// CassetteBoy vs. Biblical Exposition

Maybe you are familiar with CassetteBoy, the internet phenomenon who takes programmes like The Apprentice or Jamie Oliver’s cooking shows and then mangles them into unrecognisable (and frequently hilarious) forms. If not, then I highly recommend that you check out what is probably his greatest work here – although consider yourself warned, because that clip does contain swearing. You have to wonder how the man holds down a full-time job whilst watching as much TV as he clearly does, admittedly, but it’s nonetheless a very impressive effort.

It does show the ease with which you can turn something serious into whatever you want it to be, though. How if you’ve got enough time and creativity you can construct a whole different narrative out of the materials that you have in front of you. The same thing goes for the culture of making recut trailers, which has been knocking around the internet for a while (see one of the best here). But i wonder sometimes if that’s what we’ve been doing with our preaching. We take a bit of poetry, a bit of history, a couple of proverbs and some comments from the new Testament letters, tie it together with a weird section of prophecy and hey presto, you’ve got a recipe for a sermon!

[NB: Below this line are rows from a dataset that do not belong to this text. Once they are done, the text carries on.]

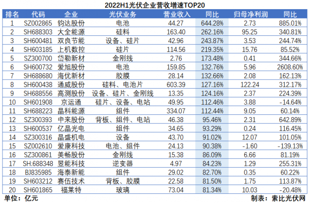 2022年上半年,79家光伏企業(yè)合計創(chuàng)收5571億元,平均增速(“平均”指“中位數(shù)”,下同)達到48%。令人欣喜的是,營收負增長的企業(yè)占比僅為10%,而營收增速超過40%的企業(yè)占比則高達71%。其中,除了硅料企業(yè)繼續(xù)保持高速增長以外,眾多“跨界者”也乘著光伏行業(yè)的“東風”,迎來暴發(fā)式增長。
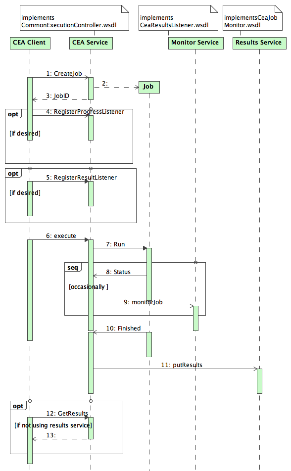 The interaction between the CEA client and the CEA server follows a similar pattern for both the interfaces. There are some extra intermediate steps that may be called between these steps, but the steps listed below are the essential interactions that can be performed on either interface for the complete execution of a job and retrieval of the results.
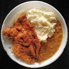 arroz, feijão, macarrão, figado acebolado com purê de batata
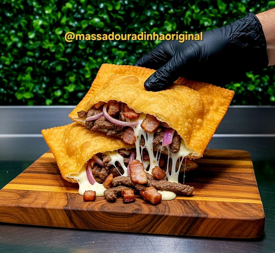 Pastel de Iscas de carne na chapa ao molho barbecue e temperinho verde
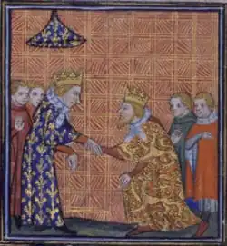 In 1307, Edward was succeeded by his son Edward II. On 25 January 1308, he married Isabella, daughter of Philip of France, to further resolve the tension between the two crowns. It is, however, during Edward's reign that the territorial extent of the Duchy of Aquitaine slowly dwindled due to a series of legal proceedings in an effort by the French crown and Parlement to take the last remaining Plantagenet foothold in the kingdom without any bloodshed. It is due to one of these legal proceedings that the town of Saint-Sardos switched hands in 15 October 1323. The following day, a local lord named Raymond-Bernard of Montpezat was upset by the decision and raided Saint-Sardos, razing it to the ground. The French government then accused Ralph Basset, the Seneschal of Gascony, of perpetrating the crime by association. Despite Edward's best efforts to diplomatically resolve the crisis caused by his vassal over the course of almost a year, a French army led by Charles of Valois invaded Gascony with very little resistance in August 1324. This humiliation was partially what led to Edward's downfall back in England. On 31 March 1325, Gascony was handed back to the Plantagenets after a truce.
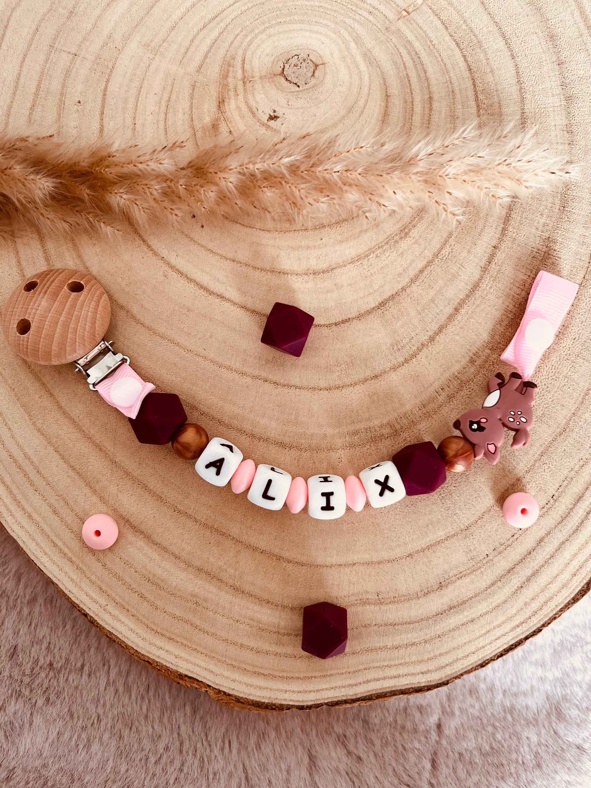 Prendedor de chupeta em formato de corça rosa personalizável com esferas e prendedor de silicone de grau alimentício.
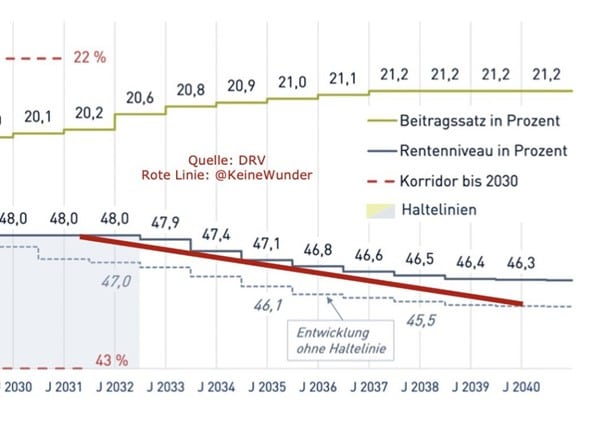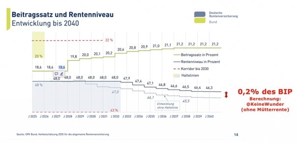 Die aktuelle politische (Phantom-)Debatte in Deutschland dreht sich um folgendes: Die Junge Union möchte wegen 0,2% des BIP notfalls die Koalition platzen lassen. Noch absurder: Die kolportierten rund 120 Milliarden an Mehrkosten zwischen den zwei Projektionen des Rentenniveaus ab 2032 bis 2040 haben gar keine Relevanz.

Most of the time it’s done in a way that looks serious, but sometimes it just ends up looking unintentionally hilarious instead. Plenty of people i’ve met have cited proof-texting from Christians as one of the things that offends them the most about organised religion, that it is essentially people seeking to justify their own views with reference to a higher power. It gives them grounds for sexism, racism and homophobia, because that’s what the Book says. It’s a fair criticism, some of the time at least.

I think you can often tell the sermons that are written with an agenda in mind by the respect that people give the text – both the passage that they are studying and the way it holds together with the rest of the book. The preachers who work at getting underneath the skin of a text, understanding its context and what its first readers would have heard and then working at communicating that, they are people who speak words of life.

In their own way, too, these are the people who show that the Bible is still culturally relevant. It doesn’t need to be dressed up or handled with a kind of delicate embarrassment. There is a power in these words because of their situation in history, because they are written about the interaction of an incredible God with humanity, not just because they stand apart from their immediate contexts. In the end, although our circumstances and cultures have changed, we are not really that different from the people back then. There are some foundational elements of culture that have stayed in place across the years – general trends in morality, general approaches to the world, general arguments for and against the existence of God.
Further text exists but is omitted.